Huffman Encoding
In its most general sense, computer data consists of a sequence of bytes. Huffman encoding is a lossless compression technique which exploits the fact that, as a general observation, not all byte values occur with equal frequency in the data. Given that is the case, considerable savings can be realized by representing byte values using a variable number of bits - short bit runs for the more frequently occurring values and longer ones for the less frequent ones. We refer to these variable length bit runs as Huffman Codes
. The technique used for generating these codes is as follows
- Establish the frequency of occurrence of each possible byte value - i.e. values in the range 0 - 255 for an 8 bit byte.
- Use this information to construct a binary tree - i.e. a tree data structure in which each node has no more than two children. The resulting tree has two kinds of nodes
- Leaf nodes - i.e. nodes with no children which represent actual byte values in the data. We assign as
weight
to each such node - its frequency of occurrence in the raw data. - Non-leaf nodes - i.e. nodes which have children. The
weight
for such nodes is the sum of the weights of their child nodes.
- Leaf nodes - i.e. nodes with no children which represent actual byte values in the data. We assign as
- A simple technique for building the Huffman tree goes like this
- Begin by creating a list of leaf nodes corresponding to each byte value in your data.
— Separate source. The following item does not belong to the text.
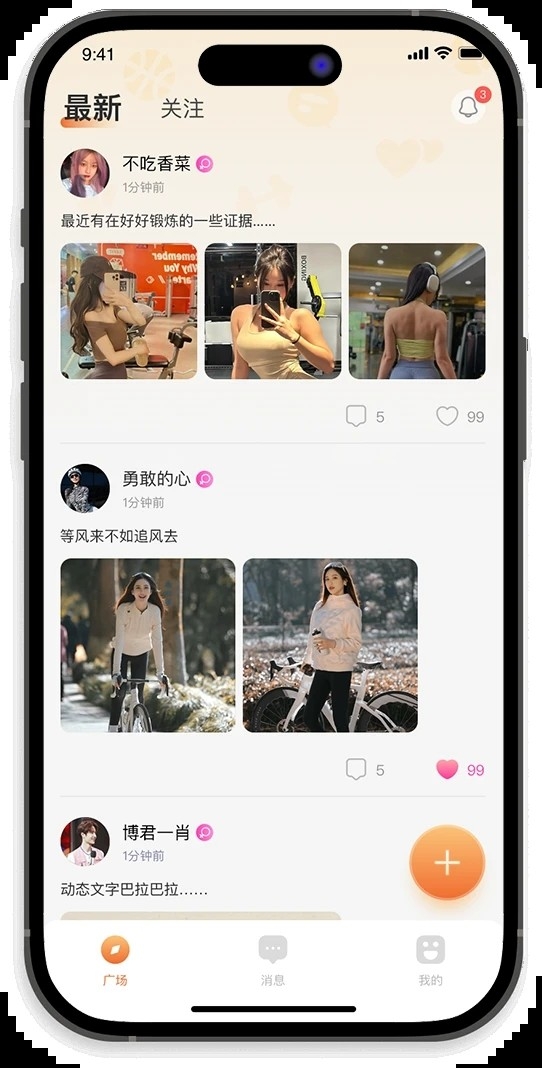 3、广场动态:为用户提供了线上的社区动态广场,这里可以分享自己的运动日常,查看更多精彩动态。

Associate the frequency of occurrence of each value with its leaf.
- Now pick the two nodes with the lowest frequencies, remove them from the list, make them the children of a new non-leaf node and add that node to the list.
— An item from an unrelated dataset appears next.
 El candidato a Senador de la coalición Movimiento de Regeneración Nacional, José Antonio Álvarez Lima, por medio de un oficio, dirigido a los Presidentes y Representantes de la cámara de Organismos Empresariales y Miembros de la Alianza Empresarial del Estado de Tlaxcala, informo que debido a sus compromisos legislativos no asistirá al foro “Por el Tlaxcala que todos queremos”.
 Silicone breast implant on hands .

- Continue the process until the list has only one node left - the root node.
- Having done this we can build the Huffman codes for each leaf node in this tree. The procedure is as follows
- Start from the root node and an empty Huffman code.
- Move down the tree until you reach a leaf node.
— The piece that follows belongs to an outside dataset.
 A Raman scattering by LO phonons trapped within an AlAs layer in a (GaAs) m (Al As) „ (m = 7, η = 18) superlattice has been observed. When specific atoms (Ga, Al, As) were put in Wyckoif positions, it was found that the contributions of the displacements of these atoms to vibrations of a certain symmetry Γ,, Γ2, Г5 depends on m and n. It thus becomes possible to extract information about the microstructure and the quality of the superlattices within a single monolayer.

- For each leftward move add a 0 to the Huffman code. For each rightward move add a 1 to the Huffman code.
- Continue the process until there are no unencoded leaves left.
This is best understood by looking at an example. Consider the string inflate deflate
. The Huffman tree for this string is shown below
The frequencies and the Huffman codes for each leaf node in this tree are tabulated below
| Character | Frequency | Huffman Code |
|---|---|---|
| e | 3 | 00 |
| a | 2 | 010 |
| f | 2 | 011 |
| l | 2 | 100 |
| t | 2 | 101 |
| (space) | 1 | 1100 |
| d | 1 | 1101 |
| i | 1 | 1110 |
| n | 1 | 1111 |
Using these codes the original string can be represented by the binary pattern
1110111101110001010100110011010001110001010100
The 47 bits required to store this pattern represents a saving of 60%. While this may sound very good it should be noted that the technique does not always deliver a saving. Without the Huffman tree all we have in the compressed data is an amorphous mass of binary digits. In order to retrieve the original data we need to store some information regarding the tree from which the compressed data were constructed. This imposes an overhead that makes the method unsuitable for very short sequences of data. Click on the link below for a Delphi implementation of the algorithm.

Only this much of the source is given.